- [TASK INSTRUCTIONS] All lines from the beginning of the listing through the line with "1 jern under kulen" are to be copied word for word; the pictures are not.

- [RECORDS FOR PROCESSING]
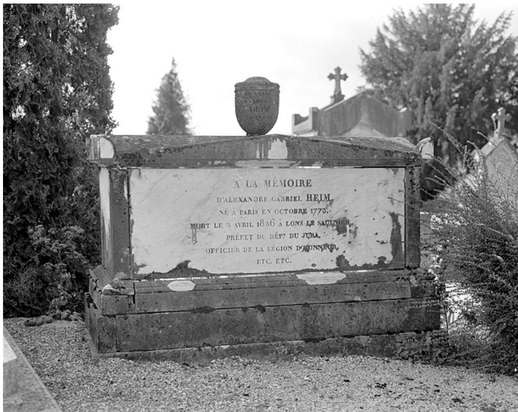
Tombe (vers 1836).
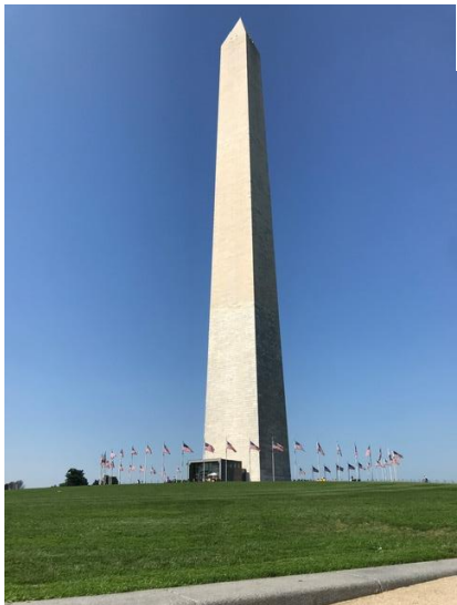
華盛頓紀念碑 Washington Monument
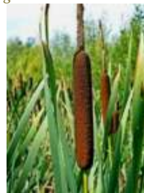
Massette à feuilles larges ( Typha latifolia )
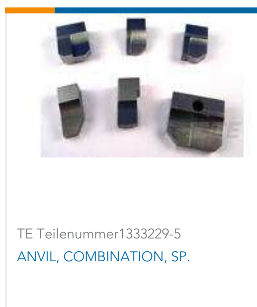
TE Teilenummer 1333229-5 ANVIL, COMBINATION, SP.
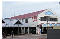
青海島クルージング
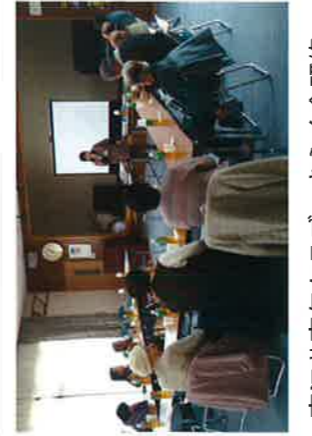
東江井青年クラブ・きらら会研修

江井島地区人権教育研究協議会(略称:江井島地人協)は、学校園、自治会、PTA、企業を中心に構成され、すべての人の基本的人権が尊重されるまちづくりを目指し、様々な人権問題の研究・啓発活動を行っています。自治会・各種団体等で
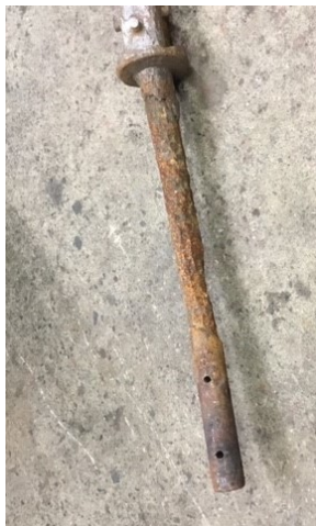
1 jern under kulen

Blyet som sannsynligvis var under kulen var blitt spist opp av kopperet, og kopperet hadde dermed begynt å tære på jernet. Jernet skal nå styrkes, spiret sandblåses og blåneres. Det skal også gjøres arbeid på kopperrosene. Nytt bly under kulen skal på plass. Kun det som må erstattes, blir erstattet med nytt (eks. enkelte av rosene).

- [RESPONSE TO THE EXERCISE]
Tombe (vers 1836).
華盛頓紀念碑 Washington Monument
Massette à feuilles larges ( Typha latifolia )
TE Teilenummer 1333229-5 ANVIL, COMBINATION, SP.
青海島クルージング
東江井青年クラブ・きらら会研修

江井島地区人権教育研究協議会(略称:江井島地人協)は、学校園、自治会、PTA、企業を中心に構成され、すべての人の基本的人権が尊重されるまちづくりを目指し、様々な人権問題の研究・啓発活動を行っています。自治会・各種団体等で
1 jern under kulen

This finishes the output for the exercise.